Born in Kenya to Rwandan parents, Shad moved with his family to London, Ont., when he was 11 months old. He obtained a business degree from Wilfrid Laurier University and a masters degree from Simon Fraser University. He has four albums to his credit, including the acclaimed 2013 disc Flying Colours and TSOL, which beat out the globetrotting rap star Drake for the Rap Recording of the Year Juno.

But his sales are not as impressive as his critical acclaim.

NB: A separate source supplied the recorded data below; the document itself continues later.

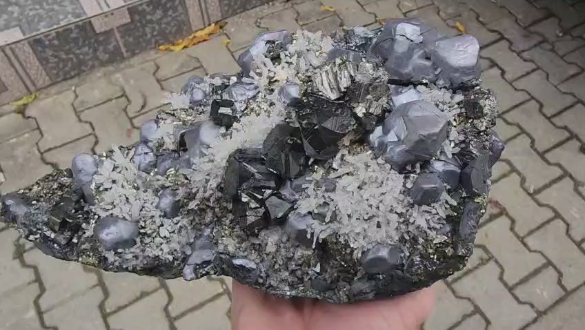 Here we have a Morphologically interesting, example of the classic mineralization from the renowned, Stantërg Trepca mine, in Kosovo, this multimineral, combination specimen, consists of Large Molten Habit Galena Crystals, Sphalerite, Pyrite, Pyrite after Pyrrhotite, Arsenopyrite Bournonite and Needle Quartz.
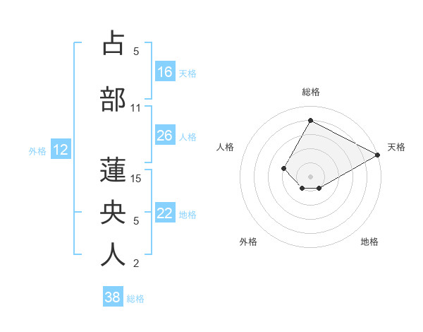占部 蓮央人さんの総格は38画の4点!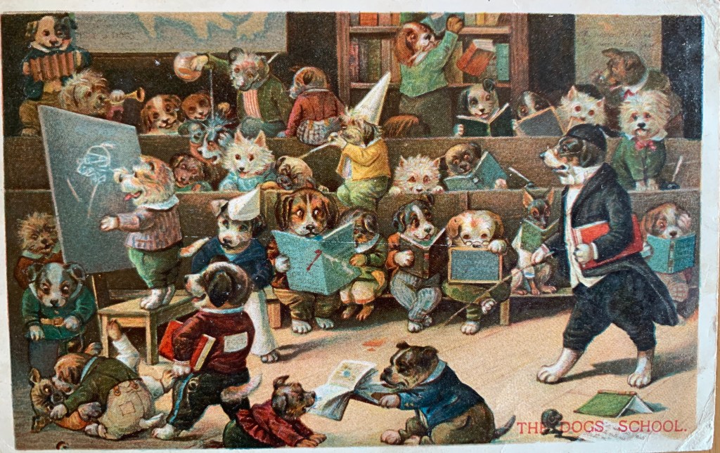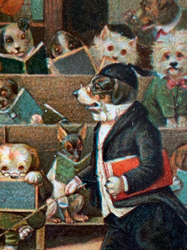 I’ll close with one last card – and it’s probably one of her highness’ favorite cards. Probably because it’s a good depiction of what happens in this household when she tries to teach us anything new. It’s called The Dogs School – and I’ll include some close up shots!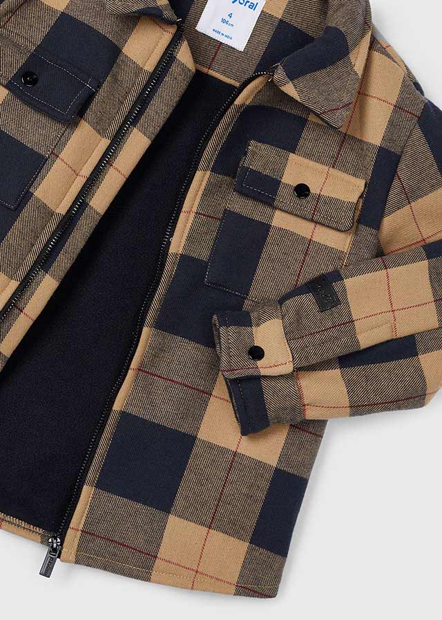 Langarmjacke für Jungen mit geknöpften Manschetten. Hemdkragen. Reißverschluss in der Mitte. Funktionelle Vordertaschen. Karomuster.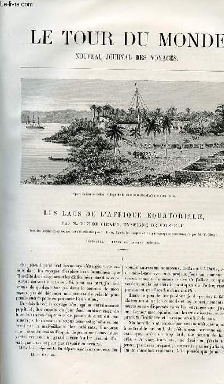 Nombreuses gravures dans le texte: départ de Dar Es Salam, Zanzibariste ferrouji kamna nassib réunis sur uen gravure, village uadoé à Kamruka, vue du Kingani,défilé de troupeaux sur les bords de Kingani,porte du village de Hongo,songoro apportant un courrier d'Europe et un sac de sel, grenier des Vouassagara,passage des ravins, Hassani Bogo le chasseur, indigènes de l'Usasa. Carte dans le texte de l'itinéraire de Giraud de Dar Es Salam au lac Nyassa. Gravures pleine page : vue d'un puri et d'indigènes de l'Ouzaramo, sorcière menée au bucher à Zambué, une nuit d'orage, passage de section d'un canot,indigènes vuahéhé, capitale de l'Uhéhé, arrivée au premier village du COndé. Classification Dewey : 70.4412-Le journal des voyages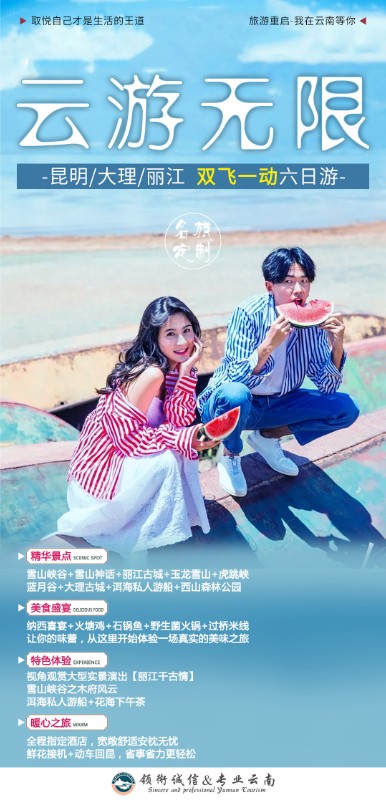 23、云南地处云贵高原,每天昼夜温差较大(12—15摄氏度),请出团前了解当地天气情况,注意着装注意当地天气预报,请带足保暖防寒衣物,云南日照强,紫外线强。长时间在户外活动,请戴上太阳帽,太阳镜,涂抹防晒霜,以保护皮肤,天气变化多端,请携带雨具。
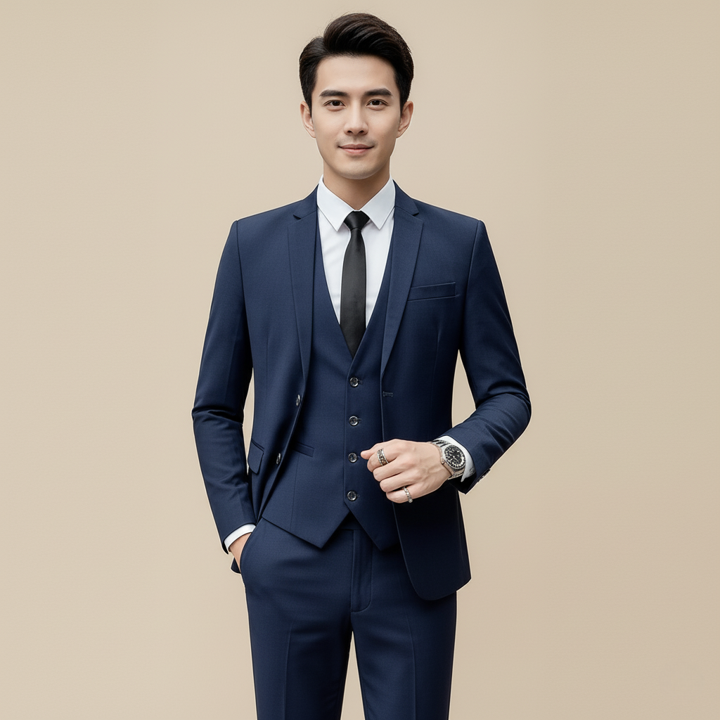 Dieser Anzug für Herren kombiniert Blazer, Weste und Hose in einem eleganten Design. Ideal für geschäftliche Anlässe, Hochzeiten oder formelle Veranstaltungen, bietet er sowohl Komfort als auch Stil.

After concluding a three-album deal with the small Mississauga, Ont.-based independent label Black Box Music, he is now a free agent.  In an October, 2013 interview with The Globe and Mail, Shad suggested that he was not as marketable as some other hip-hop artists. “I’m not what the big labels would be interested in,” he said. “I think what I do is a little rough around the edges – a little dusty, a little wrinkled.”

At 32, he is significantly younger than Mr. Ghomeshi, who was 39 when he became Q’s first host in 2007. He has far less experience as an interviewer, though some have noted that Mr. Ghomeshi took some time to find his sea legs.

Shad’s appointment brings an end to an arduous casting process that began shortly after Mr. Ghomeshi’s departure. Even as revelations of the disgraced host’s behaviour exploded in media reports, the staff of Q tried to soldier forward. They invited listeners to tell them on social media how the show should proceed, using the Twitter hashtag #QTheFuture as a series of prospective hosts paraded through the studios.

When Shad was introduced to listeners, he said he was “honoured,” by the opportunity. “I think this is a really important program. I think it brings a lot of the country together that isn’t always together, in conversation.” He named Kanye West and “my boy Barack,” as dream interview subjects.

“It’s been a long and thorough search for the new host of Q, and we’re thrilled with our choice,” said CBC spokesperson Chuck Thompson.

Though hosting Q will be a full-time job, Shad still has at least a few music gigs planned, including a show at Toronto’s Massey Hall on March 27.

Mr. Ghomeshi’s case is due back in a Toronto courtroom that same day.

Editor's note: An earlier version of this story incorrectly stated that Shad moved to Canada when he was 11 years old, and that he is still involved with independent label Black Box Recordings. This version has been corrected.